[The task] The reply should hold every line of the listing exactly, and none of its images.

[Source material]
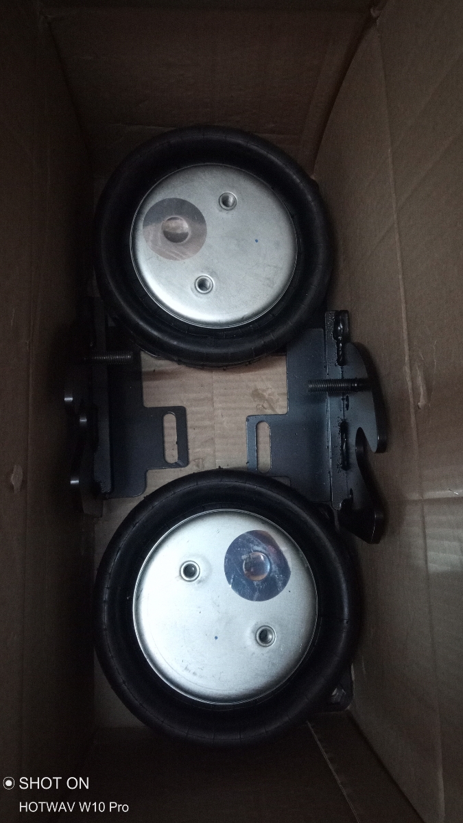 Комплект пневматической подвески разработан специально для автомобиля и включает в себя два пневмоэлемента, кронштейны для крепления к раме и мосту, крепеж, фурнитуру для накачки от внешнего компрессора, инструкцию по установки своими руками.
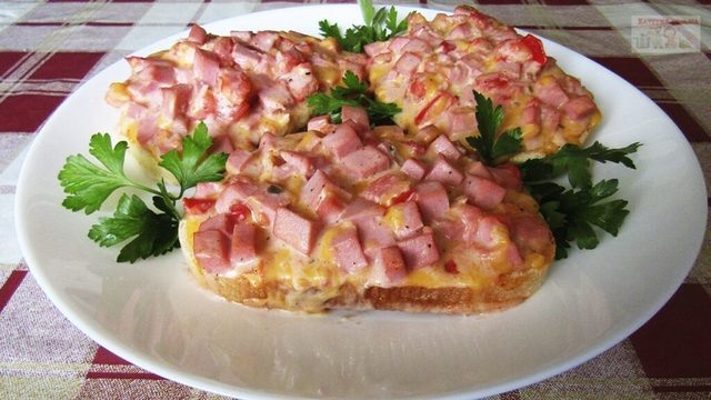 Нам понадобится ПРИГОТОВЛЕНИЕ Нужно включить духовку так как начинка готовится быстро и нагреть до 180 градусов. Можно использовать не только ветчину, но и сосиски либо колбасу . Нарезаем батон, ветчину и помидоры режим мелким кубиком, сыр нужно натереть на терке ,а чеснок можно на тереть на мелкой терки либо пропустить через пресс. Все что у нас получилось выкладываем в глубокою чашку. Добавляем майонез можно заменить сметаной . Перемешиваем На противень лучше постелить пергаментную бумагу. Выкладываем начинку на батон . Ставим противень в за ранее прогретую духовку ждем от 7 до 10 мин, после чего достаем и употребляем в горячем виде. Приятного аппетита!
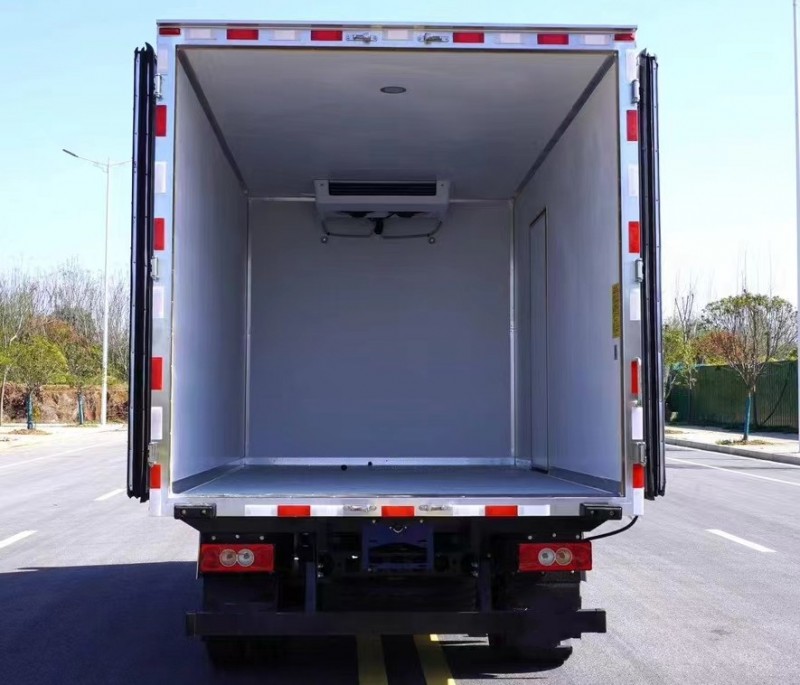 廂體采用真空吸附、液壓吸附一體成型生產(chǎn)線制造,三明治復(fù)合粘接,箱體內(nèi)部選裝地板通風(fēng)槽,副駕駛邊選裝單側(cè)門,對開雙側(cè)門,頂部選裝運(yùn)輸鮮肉運(yùn)輸?shù)娜忏^導(dǎo)軌,用于牛羊肉冷鏈運(yùn)輸??蛇x裝用于藥品,疫苗運(yùn)輸?shù)奈迕嫱L(fēng)槽,溫濕度記錄儀等專用設(shè)備。制冷設(shè)備可選裝國產(chǎn)颶豐,凱利-15度冷凍制冷機(jī)組,可選裝進(jìn)口開利,冷王冷凍制冷機(jī)組,最低溫度可達(dá)-18噸,可根據(jù)運(yùn)輸貨物要求進(jìn)行溫度調(diào)節(jié)。

[Reply to the task]
 Комплект пневматической подвески разработан специально для автомобиля и включает в себя два пневмоэлемента, кронштейны для крепления к раме и мосту, крепеж, фурнитуру для накачки от внешнего компрессора, инструкцию по установки своими руками.
 Нам понадобится ПРИГОТОВЛЕНИЕ Нужно включить духовку так как начинка готовится быстро и нагреть до 180 градусов. Можно использовать не только ветчину, но и сосиски либо колбасу . Нарезаем батон, ветчину и помидоры режим мелким кубиком, сыр нужно натереть на терке ,а чеснок можно на тереть на мелкой терки либо пропустить через пресс. Все что у нас получилось выкладываем в глубокою чашку. Добавляем майонез можно заменить сметаной . Перемешиваем На противень лучше постелить пергаментную бумагу. Выкладываем начинку на батон . Ставим противень в за ранее прогретую духовку ждем от 7 до 10 мин, после чего достаем и употребляем в горячем виде. Приятного аппетита!
 廂體采用真空吸附、液壓吸附一體成型生產(chǎn)線制造,三明治復(fù)合粘接,箱體內(nèi)部選裝地板通風(fēng)槽,副駕駛邊選裝單側(cè)門,對開雙側(cè)門,頂部選裝運(yùn)輸鮮肉運(yùn)輸?shù)娜忏^導(dǎo)軌,用于牛羊肉冷鏈運(yùn)輸??蛇x裝用于藥品,疫苗運(yùn)輸?shù)奈迕嫱L(fēng)槽,溫濕度記錄儀等專用設(shè)備。制冷設(shè)備可選裝國產(chǎn)颶豐,凱利-15度冷凍制冷機(jī)組,可選裝進(jìn)口開利,冷王冷凍制冷機(jī)組,最低溫度可達(dá)-18噸,可根據(jù)運(yùn)輸貨物要求進(jìn)行溫度調(diào)節(jié)。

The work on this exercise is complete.